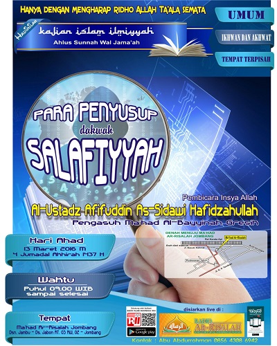 Al Ustadz Muhammad Afifuddin as-Sidawy Para Penyusup Dakwah Salafiyyah 2 Tracks 0 Suka Laporkan M Al Ustadz Muhammad Afifuddin as-Sidawy 2 tracks Para Penyusup Dakwah Salafiyyah - 1 Para Penyusup Dakwah Salafiyyah - 2 Kajian lainnya oleh Al Ustadz Muhammad Afifuddin as-Sidawy Perjuangan Dakwah Rambu-rambu Syariah di Masa Fitnah Pertemuan ke-2 Nasehat adalah Tanda Cinta Taqwa Solusi Jalan Keluar dari Berbagai Fitnah
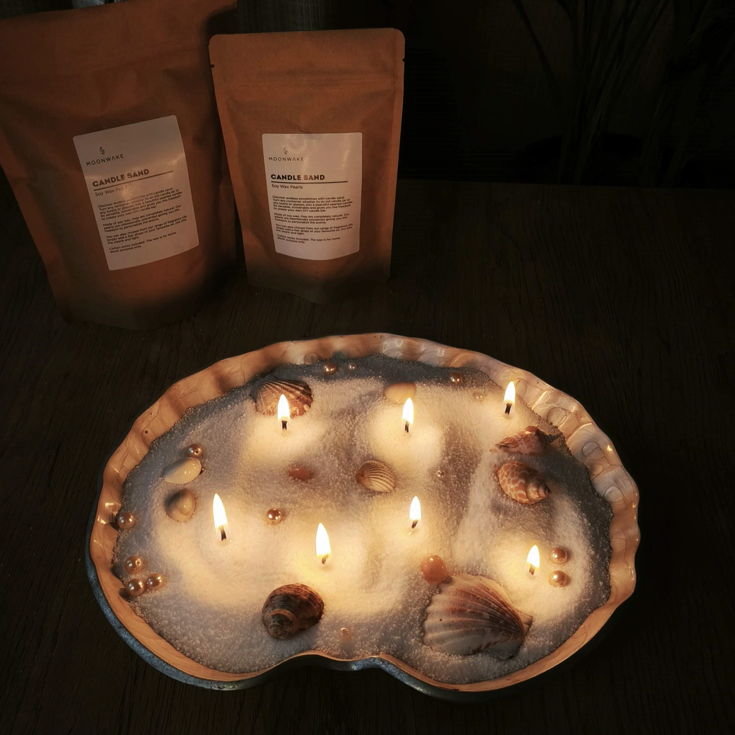 Made from 100% natural, vegan soy wax, these tiny pearl-shaped wax granules look and feel like soft sand, but melt into a clean-burning candle once the wick is lit. Their non-sticky, smooth texture makes them incredibly easy to work with, even for beginners.
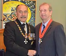 Crawford (right) in 2015, after his investiture as a Companion of the New Zealand Order of Merit by the governor-general, Sir Jerry Mateparae

ASSIGNMENT.
Quote the material above exactly, from the line holding "Made from 100%" through its last line, including both. Omit the pictures.

RESULT.
 Made from 100% natural, vegan soy wax, these tiny pearl-shaped wax granules look and feel like soft sand, but melt into a clean-burning candle once the wick is lit. Their non-sticky, smooth texture makes them incredibly easy to work with, even for beginners.
 Crawford (right) in 2015, after his investiture as a Companion of the New Zealand Order of Merit by the governor-general, Sir Jerry Mateparae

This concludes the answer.